Generalized Suffix Arrays and their Applications
– A generalized suffix array contains all suffixes for a set of strings.
– It is lexicographically sorted with all suffixes of each string.
– Suffix sorting algorithms can be used to compute the Burrows-Wheeler transform (BWT).
– The BWT can be computed in linear time using a suffix array.
– The BWT is useful for data compression and string searching.

Enhanced Suffix Arrays and their Properties
– Enhanced suffix arrays consist of suffix arrays and a child table, improving space efficiency and time complexity.
– The child table contains information about the parent-child relationship in the suffix tree.
– Enhanced suffix arrays can be applied to any algorithm that uses a suffix tree by using lcp-interval trees.
– Searching a pattern in an enhanced suffix array has a time complexity of O(m|Σ|).
– An lcp-interval is associated with a node in the suffix tree and represents a range of suffixes with a common longest prefix.
– The lcp-interval has specific properties, such as the lcp-value and the relationship with other intervals.
– The lcp-array stores the lengths of the longest common prefixes between consecutive suffixes.
– The lcp-interval reflects the parent-child relationship in the suffix tree.
– The lcp-interval can be used to compute the child table in linear time.
– The child table, composed of arrays like cldtab, down, and nextlIndex, stores information about the edges of the suffix tree.
– The down and nextlIndex arrays maintain the parent-child relationship.
– The child table can be constructed by traversing the lcp-interval tree in a bottom-up manner.
– Separate algorithms can compute the up/down values and the nextlIndex values.
– Constructing the child table is essential for efficient operations on enhanced suffix arrays.
– The suffix links in an enhanced suffix array can be computed using suffix link intervals.
– Suffix link intervals [i,..j] are generated for each lcp-interval [i,..j] during preprocessing.
– The left and right elements of the interval are maintained in the first index of [i,..j].
– The suffix link table is constructed through a breadth-first traversal of the lcp-interval tree.
– The suffix link interval [l,..r] is represented by the interval [l,..r] in the l-list.

Recent Developments in Suffix Arrays
– Yuta Mori’s DivSufSort is the fastest known suffix sorting algorithm in main memory.
– Ilya Grebnov presented a faster implementation of the algorithm in 2021.
– The algorithm showed a 65% performance improvement over DivSufSort on Silesia Corpus.
– Dynamic suffix arrays are more efficient than rebuilding for inserting letters in the original text.
– Open source routines such as qsufsort and DivSufSort are commonly used for suffix array construction.

References
– Abouelhoda, Kurtz & Ohlebusch 2004
– I, Kärkkäinen & Kempa 2014
– Gawrychowski & Kociumaka 2017
– Abouelhoda, Kurtz & Ohlebusch 2002
– Kurtz 1999
– Puglisi, Smyth & Turpin 2007
– Fischer 2011
– Mori, Yuta. sais.

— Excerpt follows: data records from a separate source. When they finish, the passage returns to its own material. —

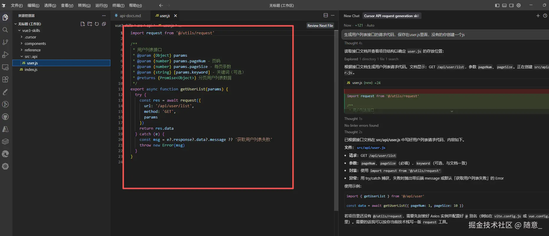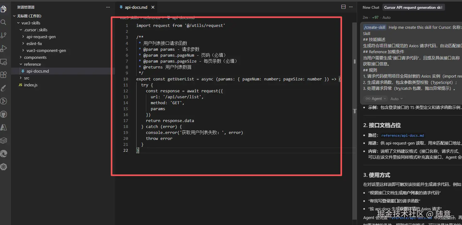 api-request-gen,创建reference子文件夹,放入项目的接口文档api-docs.md(内容示例:用户列表接口:GET /api/user/list,参数:pageNum(number)、pageSize(number),返回值:{ code: 200, data: { list: [], total: 0 } }); -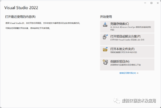 (3)下图为Visual Studio的启动界面,下次再次启动Visual Studio,都为此启动界面。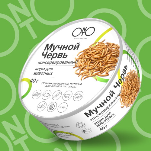 Мучной червь консервированный ONTO (Tenebrio molitor), 40гр. Мучной червь или «мучник» немного жирнее, а также более калориен, чем сверчок. Подходит для ежей, рептилий, птиц, грызунов, млекопитающих и рыб, а также других насекомоядных животных.

Archived from the original on 9 Mar 2023. Retrieved 31 Aug 2023
– Burkhardt & Kärkkäinen 2003
– Kulla & Sanders 2007
– L. Ard, “Dynamic Extended Suffix Arrays,” Journal of Discrete Algorithms, vol. 8, no. 2, pp. 241, 2010.
– S. Burkhardt and J. Kärkkäinen, “Fast Lightweight Suffix Array Construction and Checking,” in Combinatorial Pattern Matching, Lecture Notes in Computer Science, vol. 2676, pp. 55-69, 2003.
– R. M. Karp, R. E. Miller, and A. L. Rosenberg, “Rapid Identification of Repeated Patterns,” in Proceedings of the fourth annual ACM symposium on Theory of computing – STOC 72, pp. 125-136, 1972.
– M. Farach, “Optimal Suffix Tree Construction

Suffix array (Wikipedia)

In computer science, a suffix array is a sorted array of all suffixes of a string. It is a data structure used in, among others, full-text indices, data-compression algorithms, and the field of bibliometrics.

Suffix array
TypeArray
Invented byManber & Myers (1990)
Time complexity
in big O notation
Average Worst case
Space
Construction

Suffix arrays were introduced by Manber & Myers (1990) as a simple, space efficient alternative to suffix trees. They had independently been discovered by Gaston Gonnet in 1987 under the name PAT array (Gonnet, Baeza-Yates & Snider 1992).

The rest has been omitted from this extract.